Perak Rebound, Tapi Tenaga Reli Mulai Menipis

Perak Rebound, Tapi Tenaga Reli Mulai Menipis
Harga Perak (XAG/USD) mengurangi dorongan kenaikan intraday pada Rabu (25/3) dan bergerak konsolidatif setelah optimisme awal terkait upaya gencatan senjata AS-Iran mereda. XAG/USD terakhir berada di sekitar $72,93 per ons, menguat dibanding penutupan sebelumnya.
Penguatan Perak sebelumnya didorong laporan bahwa Washington mengirim rencana 15 poin untuk membuka jalur penghentian konflik. Redanya premi risiko geopolitik sempat menekan tekanan inflasi dari sisi energi, sehingga mengurangi urgensi pengetatan kebijakan moneter dan mendukung logam non-yielding seperti Perak.
Namun, dorongan tersebut tidak bertahan lama setelah Iran memberi sinyal penolakan terhadap proposal itu. Sejumlah laporan, termasuk mengacu pada media Pemerintah, menyebut Teheran menegaskan perang akan diakhiri dengan syaratnya sendiri, termasuk tuntutan penghentian serangan dan pembunuhan, jaminan konflik tidak berulang, kompensasi kerusakan perang, penghentian pertempuran di seluruh front regional, serta pengakuan atas kendalinya di Selat Hormuz.
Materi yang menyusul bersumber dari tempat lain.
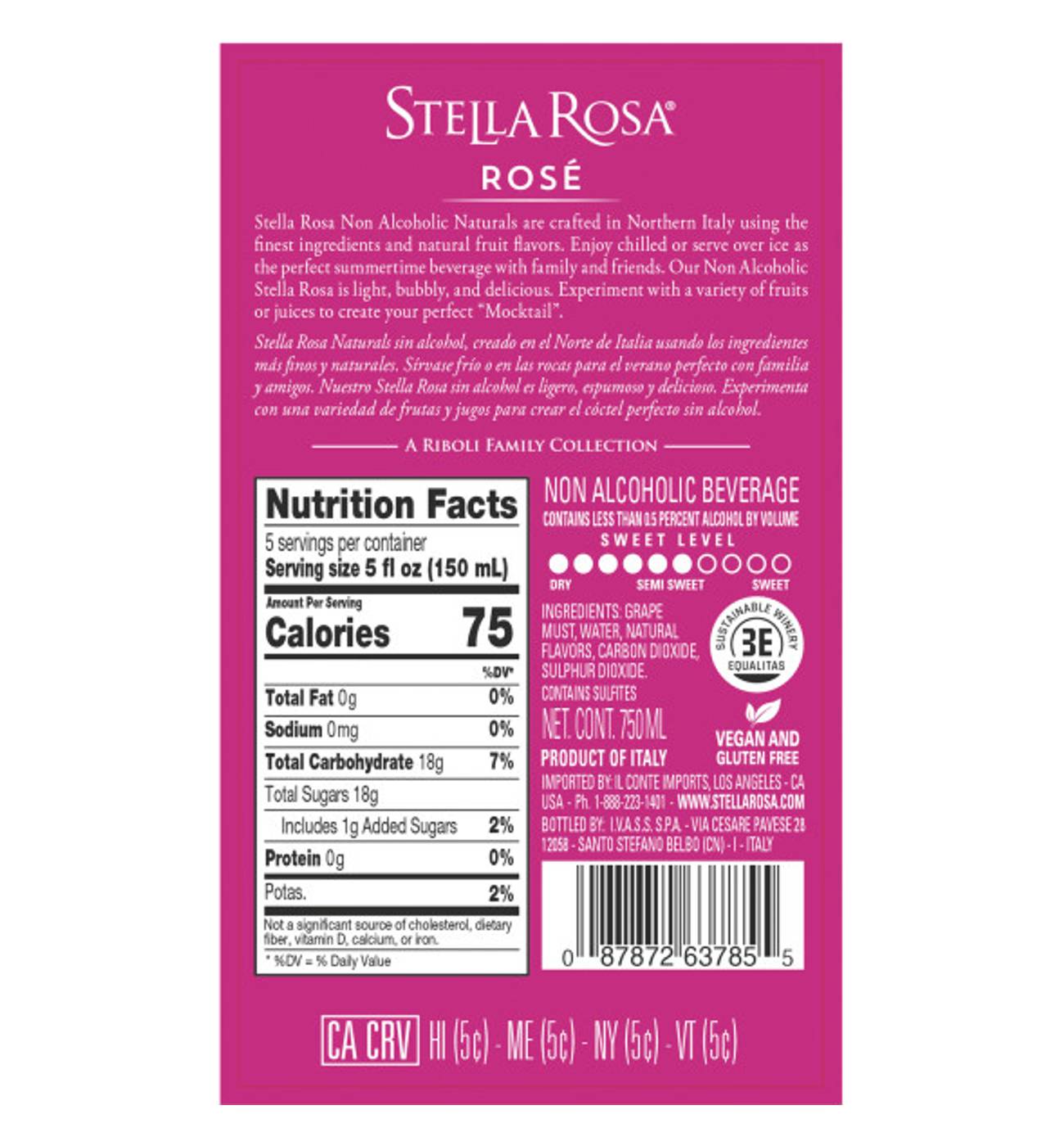 Stella Rosa Naturals Rose Non-Alcoholic Wine is a proprietary blend of several red grape varietals including Brachetto. The wine is combined with the natural flavors of an off-dry Rosé, bursting with berry flavors. With fun, fresh, and fruity in mind, our team of Italian winemakers sought to craft the same great taste of Stella Rosa, but in a non-alcoholic form. The wine contains natural carbonation. Once the desired sweetness is achieved, the wine is centrifuged and bottled. Its natural acidity and low pH strike the perfect balance with the wine’s inherent sweetness. It is not cloying or heavy. Try this delicious (and guilt-free) Stella Rosa Naturals Rose chilled or over ice in your favorite cocktail/ mocktail. It’s the perfect beverage for any time of day and for any occasion.

Ketidakpastian yang bertahan ini menjaga permintaan terhadap Dolar AS, sementara risiko energi tetap menjadi kanal utama bagi inflasi global. Kombinasi Dolar yang cenderung kuat dan sensitivitas Pasar terhadap harga Crude Oil membatasi kelanjutan beli di Perak, meski minat bargain hunting muncul setelah koreksi tajam awal pekan.
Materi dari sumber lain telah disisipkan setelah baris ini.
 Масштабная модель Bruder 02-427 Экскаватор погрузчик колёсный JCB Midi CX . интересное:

Pasar selanjutnya akan memantau arah eskalasi dan diplomasi di Timur Tengah, volatilitas harga Minyak, serta pergeseran ekspektasi suku bunga global—tiga variabel yang menentukan apakah pemulihan Perak bertahan atau kembali kehilangan momentum. (Arl)
Sumber : Newsmaker.id
Panduan Analisis Pasar Keuangan
Untuk sukses dalam trading dan Strategi Investasi, penting untuk memahami berbagai alat analisis yang tersedia:
Analisis Fundamental
Analisis fundamental melibatkan studi mendalam tentang kondisi ekonomi, kebijakan moneter, dan faktor makro yang mempengaruhi Pasar. Tools seperti kalender ekonomi dan laporan fundamental menjadi kunci.
Analisis Teknikal
Analisis teknikal menggunakan data harga historis dan volume untuk memprediksi pergerakan masa depan. Indikator seperti moving average, RSI, dan MACD sering digunakan oleh trader.
Manajemen Risiko
Implementasi manajemen risiko yang tepat, termasuk position sizing dan stop-loss, sangat penting untuk keberlanjutan trading dalam jangka panjang.